Two members of the Crowd Lab each had a paper accepted for presentation at the CSCW 2018 conference in Jersey City, NJ. The acceptance rate for this top-tier conference was 26%.
Ph.D. student Nai-Ching Wang presented “Exploring Trade-Offs Between Learning and Productivity in Crowdsourced History” with Virginia Tech professor of education David Hicks and Dr. Luther as co-authors. Here is the paper’s abstract:
Crowdsourcing more complex and creative tasks is seen as a desirable goal for both employers and workers, but these tasks traditionally require domain expertise. Employers can recruit only expert workers, but this approach does not scale well. Alternatively, employers can decompose complex tasks into simpler micro-tasks, but some domains, such as historical analysis, cannot be easily modularized in this way. A third approach is to train workers to learn the domain expertise. This approach offers clear benefits to workers, but is perceived as costly or infeasible for employers. In this paper, we explore the trade-offs between learning and productivity in training crowd workers to analyze historical documents. We compare CrowdSCIM, a novel approach that teaches historical thinking skills to crowd workers, with two crowd learning techniques from prior work and a baseline. Our evaluation (n=360) shows that CrowdSCIM allows workers to learn domain expertise while producing work of equal or higher quality versus other conditions, but efficiency is slightly lower.

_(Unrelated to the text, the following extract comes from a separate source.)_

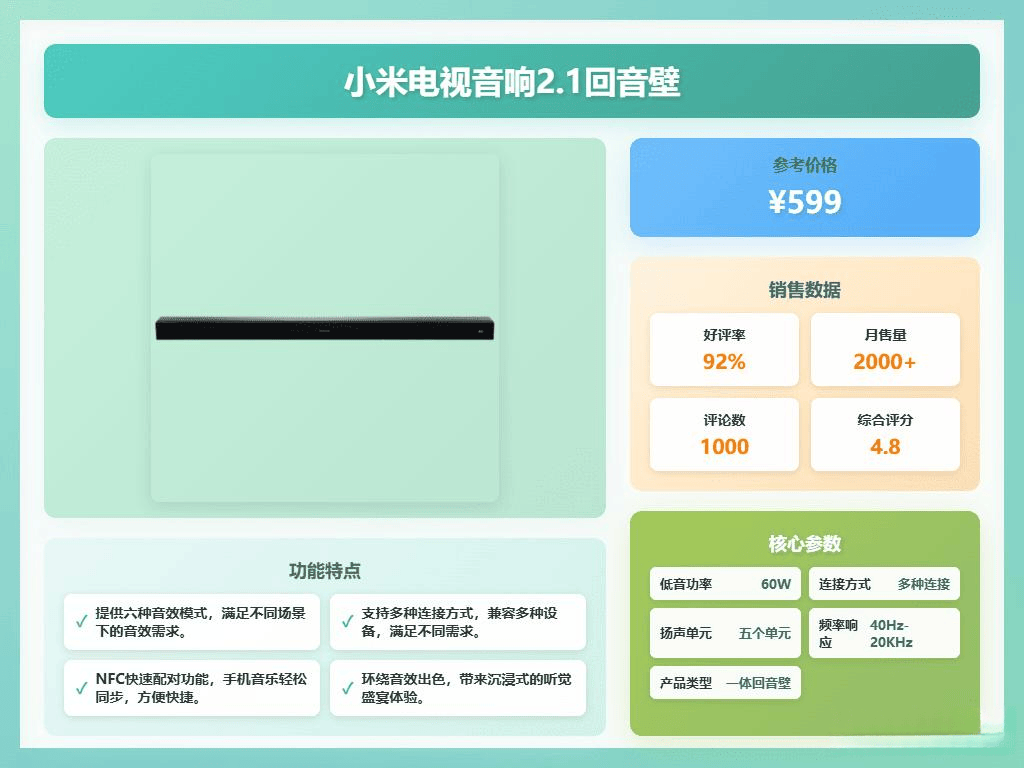 如果你对音质有更高的要求,小米音响2.1回音壁绝对值得考虑。这款音响拥有五个发声单元,峰值功率高达120W,低音效果震撼,能带来影院级的视听享受。

Ph.D. student Tianyi Li presented “CrowdIA: Solving Mysteries with Crowdsourced Sensemaking” with Dr. Luther and Virginia Tech computer science professor Chris North as co-authors. Here is the paper’s abstract:
The increasing volume of text data is challenging the cognitive capabilities of expert analysts. Machine learning and crowdsourcing present new opportunities for large-scale sensemaking, but we must overcome the challenge of modeling the overall process so that many distributed agents can contribute to suitable components asynchronously and meaningfully. In this paper, we explore how to crowdsource the sensemaking process via a pipeline of modularized steps connected by clearly defined inputs and outputs. Our pipeline restructures and partitions information into “context slices” for individual workers. We implemented CrowdIA, a software platform to enable unsupervised crowd sensemaking using our pipeline. With CrowdIA, crowds successfully solved two mysteries, and were one step away from solving the third. The crowd’s intermediate results revealed their reasoning process and provided evidence that justifies their conclusions. We suggest broader possibilities to optimize each component, as well as to evaluate and refine previous intermediate analyses to improve the final result.
Congratulations Nai-Ching and Tianyi!